Re: Pashto alphabets Unicodes

From: Doug Ewell <doug_at_ewellic.org>
Date: Wed, 01 Feb 2012 11:20:00 -0700

This discussion belongs on the Unicode list, not cldr-users.

Said Zazai <saidsemail at gmail dot com> wrote:

> I understand what you are saying but then looking at these charts, you
> do see all 4 or 2 codepoints for alphabets of other languages in the
> region. It does make life easy for developers if these 4/2 shapes of
> each alphabet had Unicode codepoints.

It doesn't make life easier for developers, because developers should
not be using these compatibility characters to encode Arabic-script
text, in Pashto or any other language.

> If Urdu's \u0679 can get into Arabic Presentation Form A then why
> couldn't \u067C.

This "fairness" argument might apply to encoding normal characters, but
not compatibility presentation forms.

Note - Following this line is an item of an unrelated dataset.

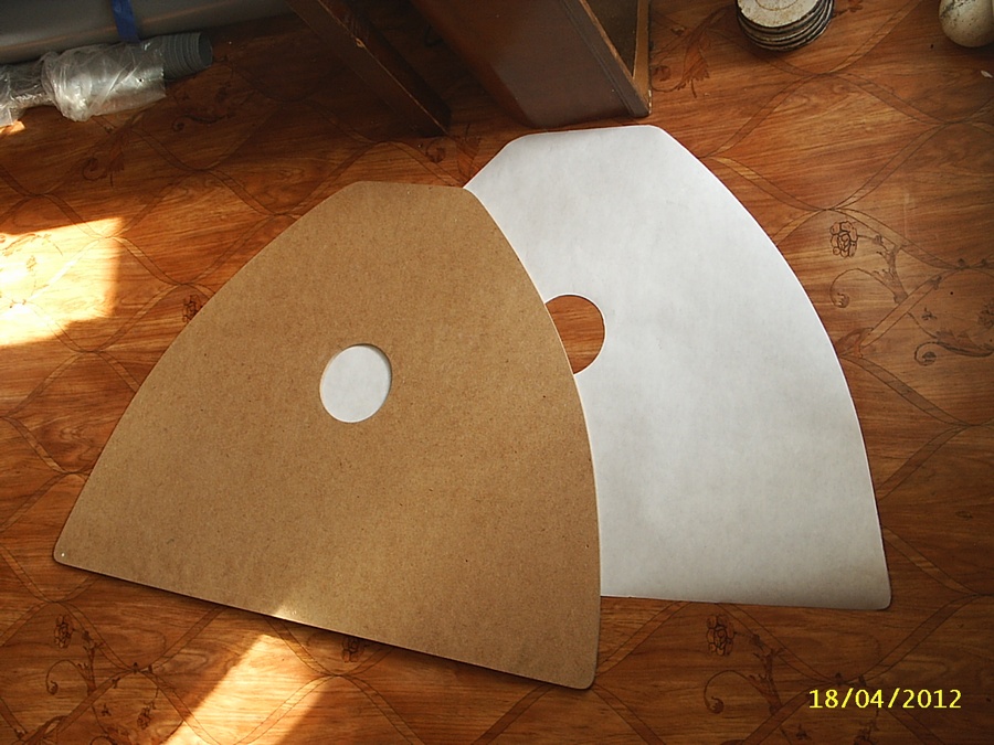 Затем аккуратно вырезаем ножницами и накладываем на тонкую фанеру или твердый оргалит. Обводим карандашом и вырезаем оставляя черту. Деревянным бруском обернутым наждачной бумагой удаляем излишки, шлифуя до разметки карандашом. Мы используем для шаблонов твердый оргалит т.к он обрабатываеться легче фанеры и подгонку можно сделать очень точно.

The ones that are there exist
because they were required by legacy processing in 1991 or before. It's
not an inherently open-ended set.

> I don't see the justification based on your statement. I don't want to
> sound like a mad man but if these glyphs/shapes have their codepoints
> then we can make a lot of applications which are still widely used,
> backward compatible for Pashto language.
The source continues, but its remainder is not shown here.